Yet the so-called Alogoi exploited the discrepancies against John, probably in order to pull the rug out from under the Montanists, for whom the Johannine sending of the Paraclete was of vital importance. Meanwhile, the yearly Quartodeciman paschal fast was secured at its termination upon the crucifixion of Christ just before the Passover feast (as in the gospel of John), against the synoptics, which suggested that the crucifixion took place after the Passover. And various Gnostic groups took it upon themselves to find symbolic importance in the single year of ministry that many read out of the synoptics, while their Catholic opponents used the gospel of John to prove a ministry of closer to three years.

These differences mattered a lot to the various factions of the second and third centuries.

Ben.

ETA:

Subject: The Gospel of Marcion Cannot Have Been Derived from the Gospel of Mark
Peter Kirby wrote: Sun Feb 02, 2020 2:38 pm
Secret Alias wrote: Sun Feb 02, 2020 12:29 pm Even Papias's statement has John lurking in the background when you think about it.
Good point. The Gospel of John is a stronger counterpoint to the Gospel of Mark in terms of order.
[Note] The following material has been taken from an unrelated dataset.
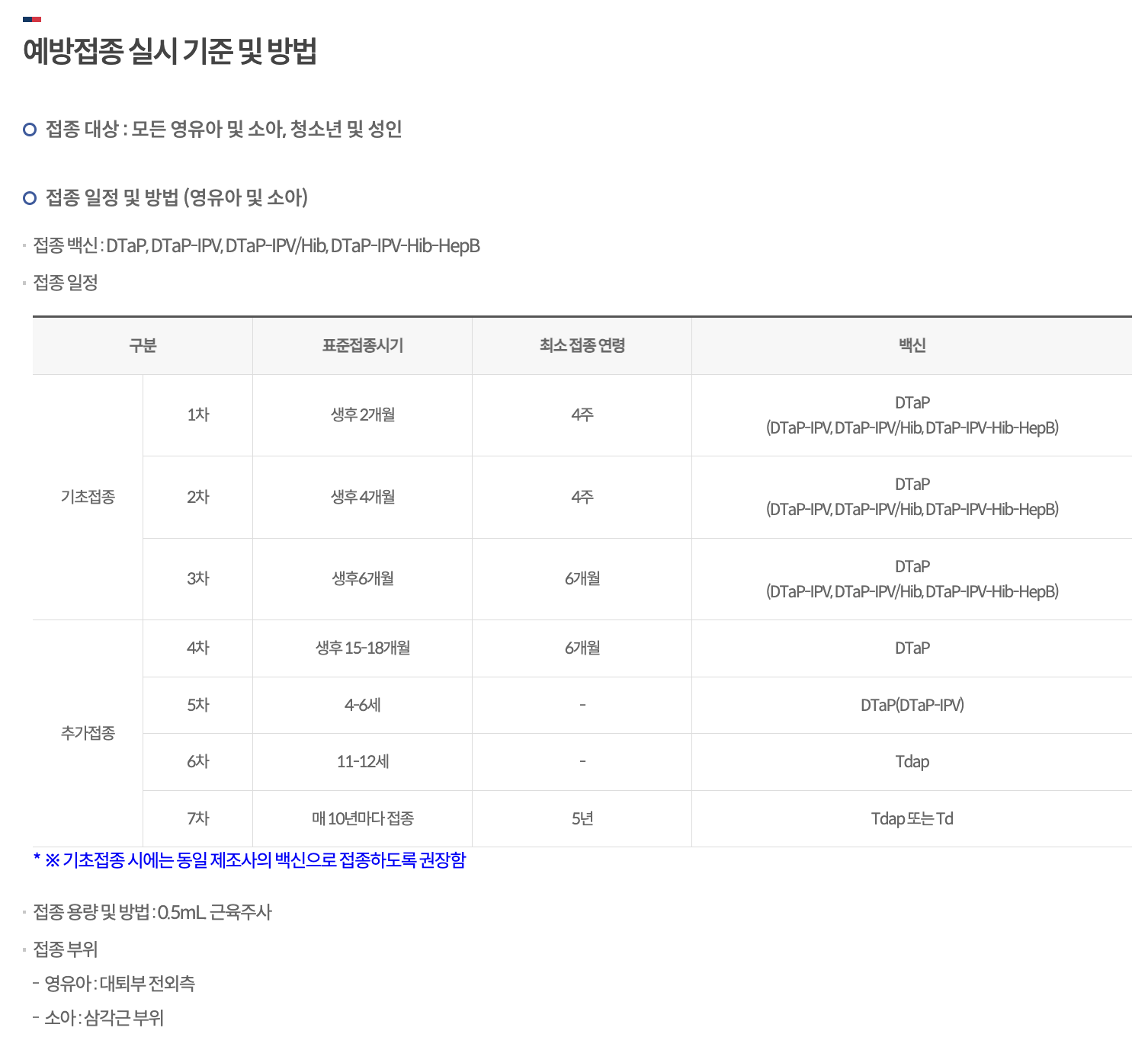 - 영유아는 DTaP 일정에 따라 기초접종을 진행합니다.

Multi-year ministry versus 1 year.

Jesus not yet 50, versus 30.

Jesus being crucified on the passover preparation day (therefore, no passover meal).

Also, the Gospel of John shows some concern for order (numbering the signs, for example).

Last but not least, the Gospel of John has long troubled people as having parts that seem "out of order" itself.

https://isthatinthebible.wordpress.com/ ... th-gospel/

One possible explanation is that this could represent tampering with the text of John's original order.

This tampering makes sense if the people incorporating John (as we know it) into their texts held a Synoptic to have the right order (unlike Papias).